Entitled “Tokenized Finance,” the note acknowledges that permissioned shared ledgers, programmable assets (RWAs), and the smart contracts that connect the two, alter finance in terms of liquidity, settlement, and risks.
IMF and RWAs: the good, the bad, and the ugly
Per the note, the benefits of tokenization include atomic settlement, continuous liquidity management, new revenue streams, and operational savings from automated asset servicing.
Even more, RWAs are natively regulatory-compliant and offer lower investor entry barriers through fractional ownership.
That said, the organization warns that the lack of international coordination in policy development could amplify systemic risk and financial instability.
Here, the IMF points out that the very “lightning speed” efficiency of transactions is what could turn a minor financial crisis into a major one. This is because no safeguards exist to control liquidity flows, which can trigger flash crashes and massive liquidations.
Additionally, the fact that each institution develops its own unique ledger causes market fragmentation. This results in impaired asset transfer, high price divergence across assets, and high ledger bridging costs.
As a solution to these issues, the IMF suggests “anchoring digital finance in public trust” through safe settlement options such as Central Bank Digital Currencies (CBDCs).
Regulators could also supervise robust code governance by auditing smart contracts and stress testing tokenization algorithms.
Moreover, mandating ledger interoperability would reduce arbitrage issues by standardizing asset prices across different blockchains.
Industry growth
InvestaX values the on-chain tokenization industry between $24.9 billion and $36 billion (excluding stablecoins) in 2026.

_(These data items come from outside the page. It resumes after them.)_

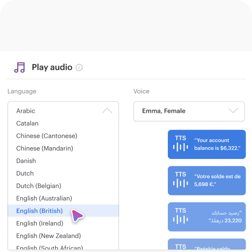 Enhance CX with TTS in 20+ languages, including English, French, Spanish, and Arabic.
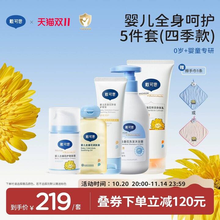 【拍5件套叠14.19超级补贴+16.95淘金币+9折消费券=169,折33.8/瓶】戴可思宝宝新生儿超值套装洗发沐浴露护肤婴儿必备用品面霜抚触油
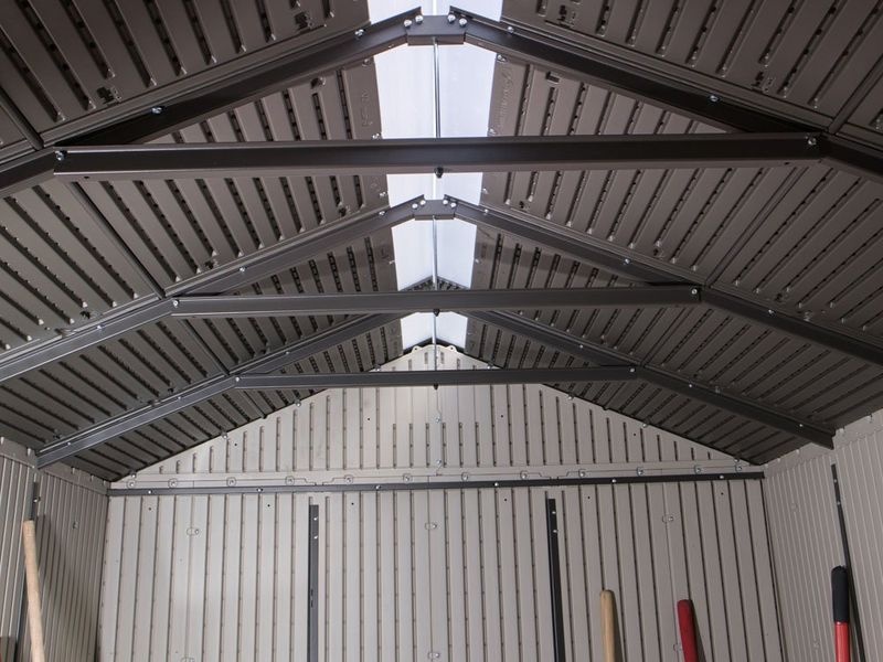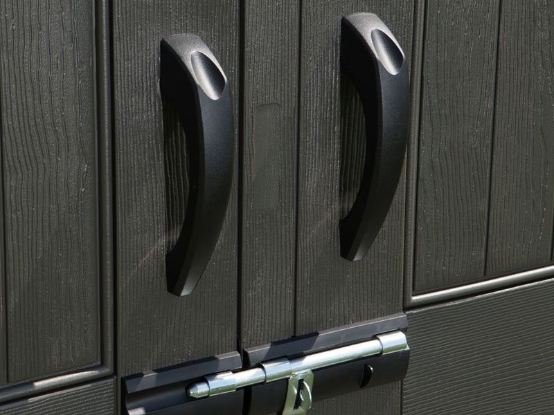 Die Dachkonstruktion aus hochfestem Stahl hält einer Belastung von bis zu 195 kg/m² stand. Die Dachneigung dieses Gartenhaus-Modells beträgt 30 Grad, was die Menge und den Druck von Schnee auf die Dachkonstruktion deutlich reduziert. Das Gartenhaus ist außerdem mit zweiflügeligen Türen an Scharnieren ausgestattet, die mehr Komfort beim Verstauen von Werkzeugen und anderem Zubehör im Kunststoffhaus bieten.
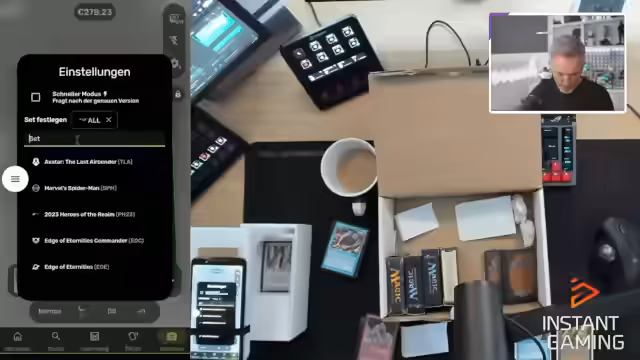 04:30:15Der Scan-Prozess beginnt, aber es treten sofort technische und organisatorische Probleme auf. Der Streamer muss zuerst die Sprache des Scanners auf Deutsch umstellen und jeder Karte muss manuell die Edition, in diesem Fall 'Vierte Edition', zugewiesen werden, da dies nicht automatisch erkannt wird. Dieser Prozess ist sehr aufwendig und zeitaufwendig. Zusätzlich stoßen Hardware-Probleme auf, da das Display des Telefons dupliziert werden muss und die Bildschirmeinstellungen des Streamingsystems die Scanner-App stören könnten.
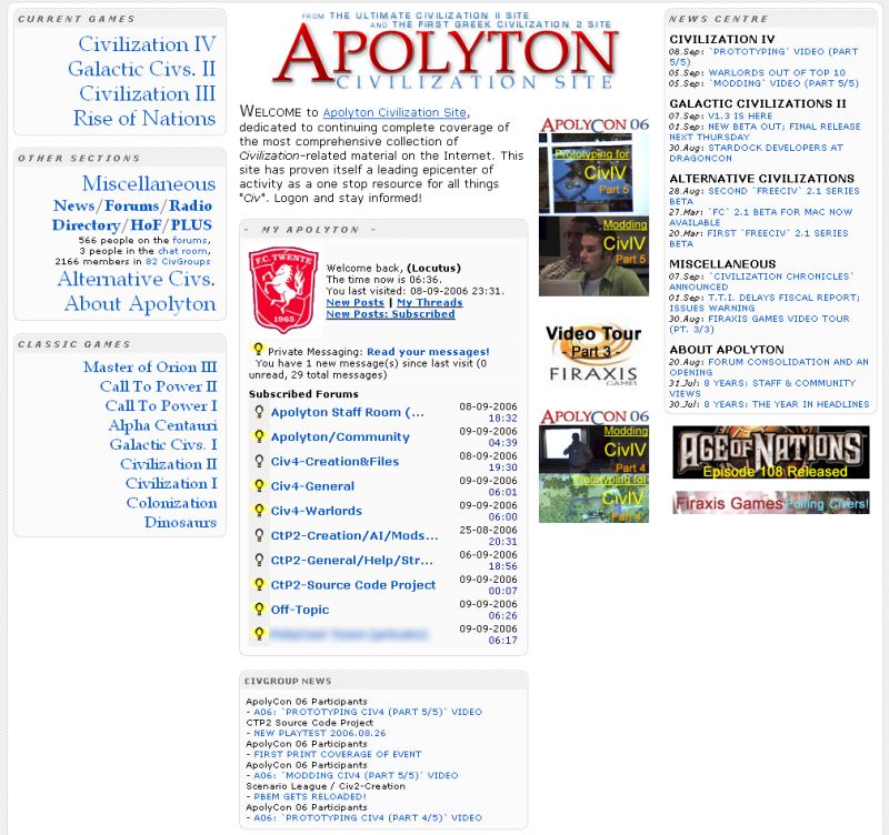 The first phase in a "2006 homepage update" for Apolyton was completed and published -- both by me -- this evening. These changes come greatly in response to user feedback, particularly in this thread.
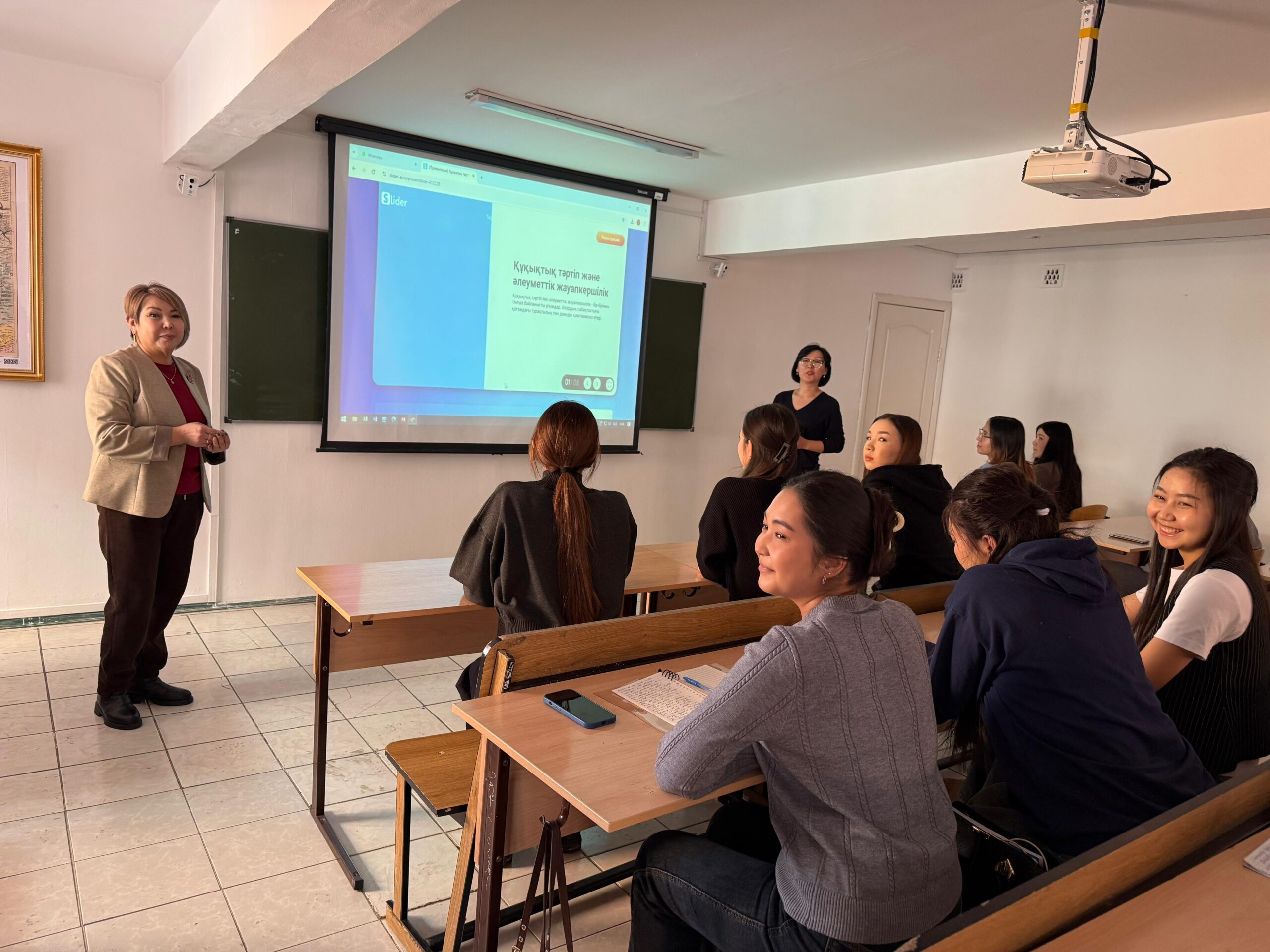 Тәрбиелік және ағартушылық жұмыстар аясында ұйымдастырылған іс-шараның мақсаты – студенттердің құқықтық мәдениетін қалыптастыру және құқықтық нормалардың қоғамдағы тұрақтылық пен азаматтық жауапкершілікті қамтамасыз етудегі маңызын түсіндіру.
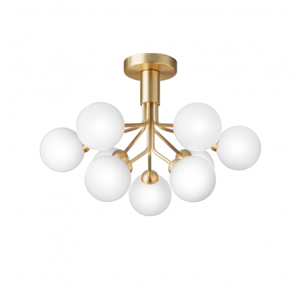 Apiales 9 ceiling lamp, crafted in metal, is a jewel of the Nuura collection. Available in 4 combinations, Apiales 9 is a ceiling lamp featuring 9 globes made of blown glass. This lamp brings a touch of elegance and light to any room, fitting seamlessly with all types of decor, from the most modern office settings to the classic living rooms of your home. The Apiales 9 ceiling lamp combines sustainability, efficiency, and beauty thanks to its integrated LED technology. Inspired by the extraordinary beauty of floral clusters, Apiales 9 evokes the delicacy of nature, creating an oasis of peace and relaxation. Designed by Sofie Refer for Nuura.
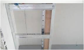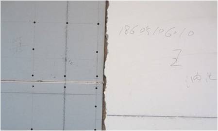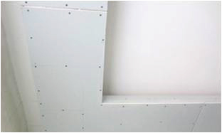 l 縫石膏板時,和老墻結合處,采用開槽去除粉刷層縫板過縫工藝處理。

With payment stablecoins, the figure rises to $300 billion, where the leading $10.8 billion comes from tokenized US Treasuries. Since the start of the year, the industry has grown by an estimated 66%.
Source: rwa.xyz
BlackRock’s BUIDL fund contributed significantly to this, with assets under management exceeding $1.7 billion. Similar institutional players include JPMorgan Chase and Goldman Sachs, while specialized tokenization platforms include Securitize and Ondo Finance.
Critics argued that implementing the IMF’s recommendations would take away the true meaning of decentralization.
The industry must now choose its path: permissioned and safe, or decentralized and volatile.